[Opening STORED DATA section]

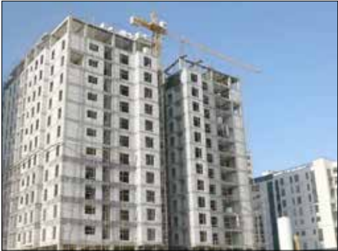
ساخت خانه‌های کوچک‌متر از در سال‌های اخیر موضوع مدنظر برخی از مسئولان بوده است. در مقابل، برخی دیگر مخالف ساخت این خانه‌ها هستند و می‌گویند ساخت خانه با متر از پایین تنها

در چند سال اخیر بازار مسکن با شوک‌های قیمتی زیادی روبه‌رو بوده است؛ کارشناسان یکی از عوامل این اتفاق را عدم تناسب میان عرضه و تقاضا می‌دانند و معتقدند که با وجود عرضه به میزان کافی، تقاضایی وجود ندارد و این به علت قیمت بالای خانه‌های عرضه شده است که متقاضیان توان خرید آن را ندارند. به همین منظور برخی از کارشناسان اقتصاد برای حل این مشکل ساخت خانه‌های کوچک‌متر از یک میکرو آپارتمان‌ها را پیشنهاد می‌دهند. خانه‌هایی که به اعتقاد آن‌ها می‌تواند نیاز اولیه افراد را برآورده و آن‌ها را زودتر به رویای خود برساند. رئیس بخش مسکن مرکز تحقیقات وزارت راه و شهرسازی نیز در روزهای گذشته در یک برنامه اینترنتی، یک خانه ۲۵ متری را برای حداقل‌های زندگی کافی دانسته و گفته است که براساس مقررات ملی ساختمان، ۲۵ متر فضا برای ساخت یک واحد مسکونی که تامین‌کننده نیازهای خوردن، خوابیدن و آشپزی افراد باشد، کافی است. هر چند وزارت راه و شهرسازی این مساله را تکذیب کرد، اما همواره
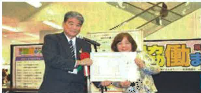
優秀賞 / 那覇市長賞 仲井真小学校区まちづくり協議会
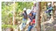
3 清珠千年の森をつくる会 清珠ふれあいの森
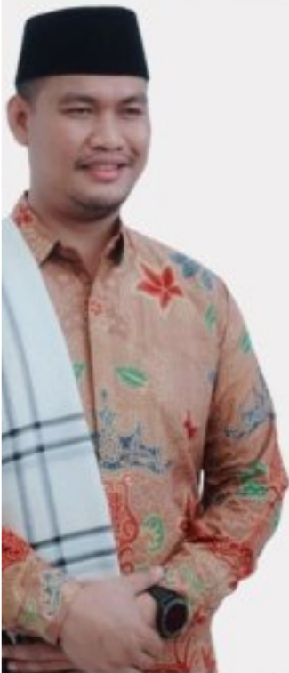
RYA JAYA RADES N BUPATI TUBABA
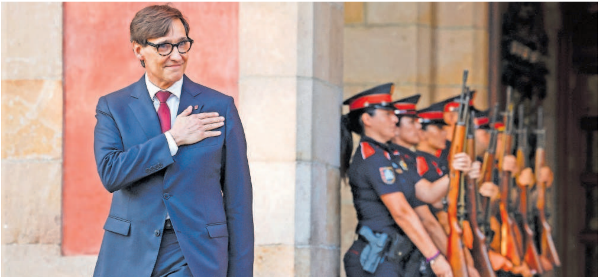
Salvador Illa pasaba revista a los Mossos d'Esquadra, ayer en Barcelona tras el pleno en el que fue investido president de la Generalitat.

El piragüismo suma otros dos bronce al medallero —P30 A 38
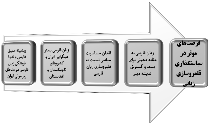
شکل (۲) فرصت‌های مؤثر در سیاست‌گذاری قلمروسازی زبانی ترسیم (از نگارندگان).

زبان فارسی به خاطر ویژگی‌های ساختاری، غنای مفهومی، گستردگی واژگانی و شعرا و نویسندگان و متفکران درجه اولی که به این زبان گفته، نوشته و زندگی کرده‌اند، شاید یکی از نخستین محمل‌های فرهنگی-زبانی بسط و گسترش دین اسلام بوده است. اینکه در تمامی این کشورها مردم به زبان فارسی صحبت می‌کنند و مراسم و امورات دنیایی خود را با این زبان اداره و تمشیت می‌کنند گواه‌گویی بر این مسئله است؛ بنابراین برای متفکران دینی که دغدغه ترویج و توسعه اندیشه دینی را دارند و از این طریق به حوزه قلمروسازی هم فکر می‌کنند، بدون کمترین مبالغه زبان فارسی مطلوب‌ترین و راحت‌ترین ابزار و روش ممکن است.
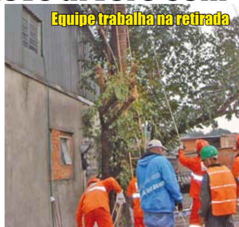
Equipe trabalha na retirada

O que parecia uma tarefa simples acabou dando um trabalho. Levou sete dias e envolveu uma equipe de 20 funcionários da Subprefeitura a remoção de uma árvore que oferecia risco de cair sobre as casas da rua Domingos Sérgio dos Anjos, próximo da rua Jonas Eudoque dos Santos, no distrito de São Domingos. Por se tratar de uma árvore grande e por estar em um local de difícil acesso, foi preciso contar com o apoio da Defesa Civil e da Guarda Civil Metropolitana (GCM). Caso você perceba alguma árvore que apresente risco de queda em uma rua, informe a Subprefeitura da região.
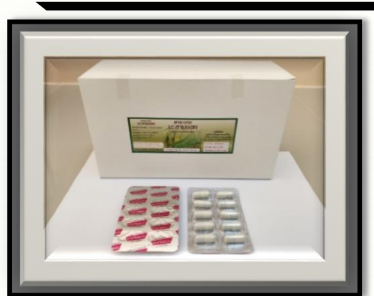
มะขามแขก 400 mg (สีขาวทึบ)
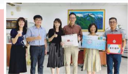
校長介紹陳大師對在地藝術的貢獻
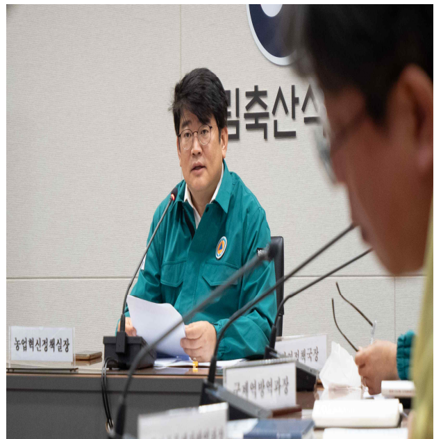
중수본 회의 장면
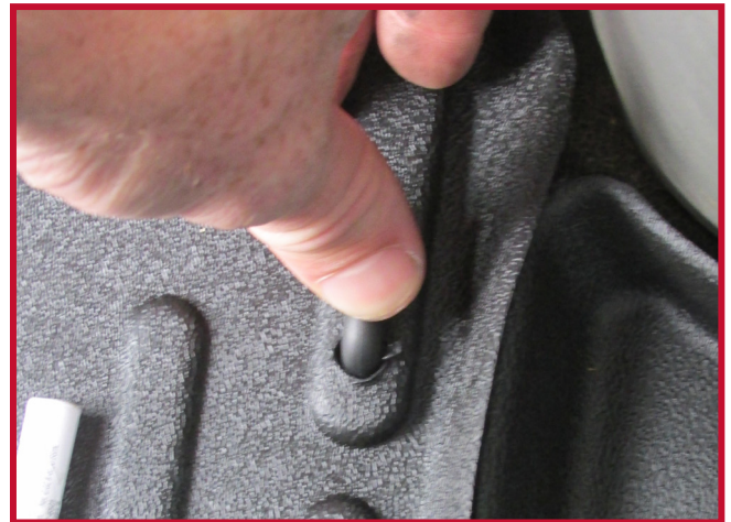
Figure 7 – Appliquer une pression sur le crochet

17. Pour une adhérence optimale, ne pas déranger le crochet pendant une période de 20 minutes après l'installation. La Figure 8 ci-dessous montre le tapis côté conducteur et le crochet correctement installés.
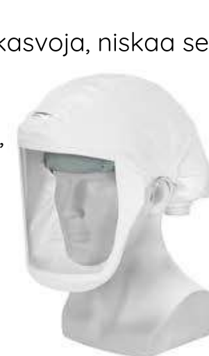
Evermatic AirTec EV1 huppu, lyhyt

[Closing STORED DATA section]

**TASK OBJECTIVE:**
From the line containing "O que parecia" to the last line of the records above, return each line exactly, both ends included, and nothing more. Leave out the pictures.

**SOLUTION TO THIS TASK:**
O que parecia uma tarefa simples acabou dando um trabalho. Levou sete dias e envolveu uma equipe de 20 funcionários da Subprefeitura a remoção de uma árvore que oferecia risco de cair sobre as casas da rua Domingos Sérgio dos Anjos, próximo da rua Jonas Eudoque dos Santos, no distrito de São Domingos. Por se tratar de uma árvore grande e por estar em um local de difícil acesso, foi preciso contar com o apoio da Defesa Civil e da Guarda Civil Metropolitana (GCM). Caso você perceba alguma árvore que apresente risco de queda em uma rua, informe a Subprefeitura da região.
มะขามแขก 400 mg (สีขาวทึบ)
校長介紹陳大師對在地藝術的貢獻
중수본 회의 장면
Figure 7 – Appliquer une pression sur le crochet

17. Pour une adhérence optimale, ne pas déranger le crochet pendant une période de 20 minutes après l'installation. La Figure 8 ci-dessous montre le tapis côté conducteur et le crochet correctement installés.
Evermatic AirTec EV1 huppu, lyhyt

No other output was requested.